> Listed records
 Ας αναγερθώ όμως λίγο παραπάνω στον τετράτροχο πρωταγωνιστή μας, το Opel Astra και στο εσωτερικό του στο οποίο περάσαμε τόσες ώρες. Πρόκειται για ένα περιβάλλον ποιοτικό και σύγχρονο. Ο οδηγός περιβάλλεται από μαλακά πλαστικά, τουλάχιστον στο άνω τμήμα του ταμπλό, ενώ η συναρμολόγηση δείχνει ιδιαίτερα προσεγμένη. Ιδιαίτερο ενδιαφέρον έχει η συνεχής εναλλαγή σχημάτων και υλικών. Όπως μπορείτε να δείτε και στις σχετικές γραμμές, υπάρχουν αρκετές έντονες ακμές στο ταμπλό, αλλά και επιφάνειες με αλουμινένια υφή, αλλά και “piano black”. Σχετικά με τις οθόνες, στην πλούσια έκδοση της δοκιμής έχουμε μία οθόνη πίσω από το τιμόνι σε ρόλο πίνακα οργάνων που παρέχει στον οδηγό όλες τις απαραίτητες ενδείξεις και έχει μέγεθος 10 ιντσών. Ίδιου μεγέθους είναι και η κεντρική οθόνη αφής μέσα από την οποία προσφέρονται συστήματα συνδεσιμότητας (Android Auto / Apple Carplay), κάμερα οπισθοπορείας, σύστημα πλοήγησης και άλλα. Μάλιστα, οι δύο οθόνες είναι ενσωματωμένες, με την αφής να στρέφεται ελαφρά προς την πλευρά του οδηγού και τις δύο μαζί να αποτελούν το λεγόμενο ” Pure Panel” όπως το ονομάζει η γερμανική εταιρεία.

--

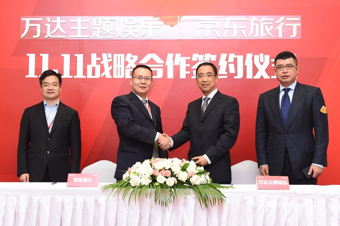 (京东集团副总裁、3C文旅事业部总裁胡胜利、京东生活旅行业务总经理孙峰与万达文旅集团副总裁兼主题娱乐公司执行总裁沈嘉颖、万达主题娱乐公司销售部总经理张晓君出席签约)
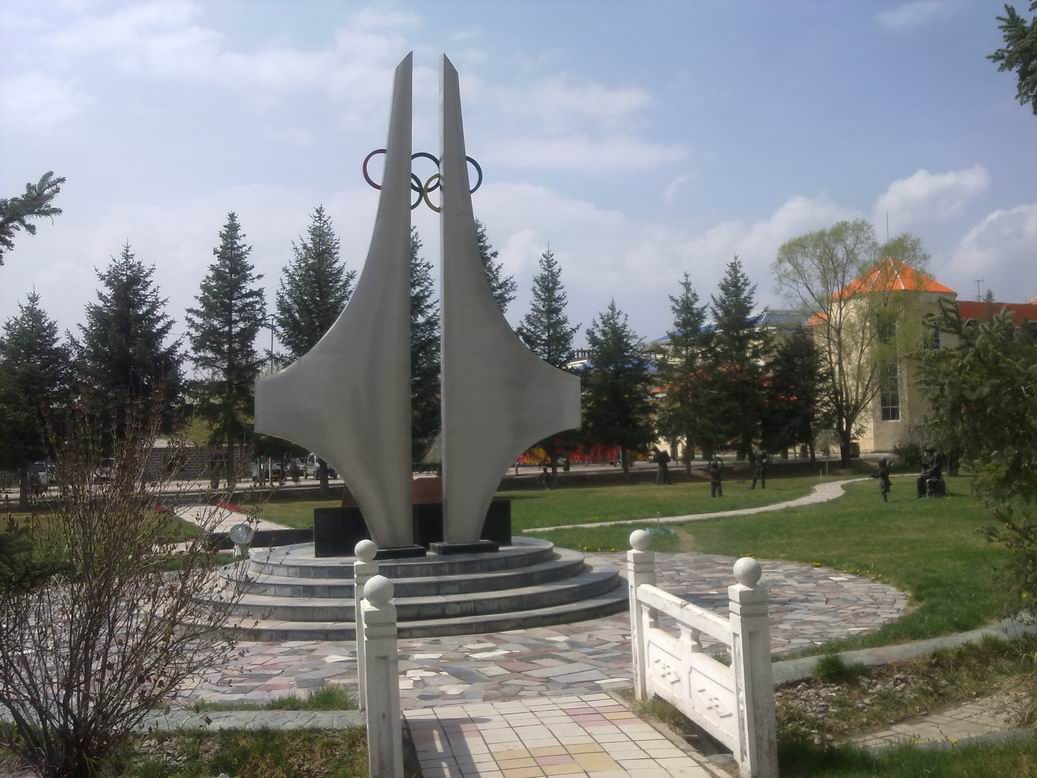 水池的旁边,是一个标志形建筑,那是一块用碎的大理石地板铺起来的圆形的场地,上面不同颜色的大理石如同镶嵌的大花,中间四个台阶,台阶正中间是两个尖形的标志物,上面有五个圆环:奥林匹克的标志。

> Exercise
Look above for the line with "(京东集团副总裁、3C文旅事" and the line with "水池的旁边,是一个标志形建筑", then copy them and all lines in between exactly as written, and only those, without any pictures.

> Solution to this task
 (京东集团副总裁、3C文旅事业部总裁胡胜利、京东生活旅行业务总经理孙峰与万达文旅集团副总裁兼主题娱乐公司执行总裁沈嘉颖、万达主题娱乐公司销售部总经理张晓君出席签约)
 水池的旁边,是一个标志形建筑,那是一块用碎的大理石地板铺起来的圆形的场地,上面不同颜色的大理石如同镶嵌的大花,中间四个台阶,台阶正中间是两个尖形的标志物,上面有五个圆环:奥林匹克的标志。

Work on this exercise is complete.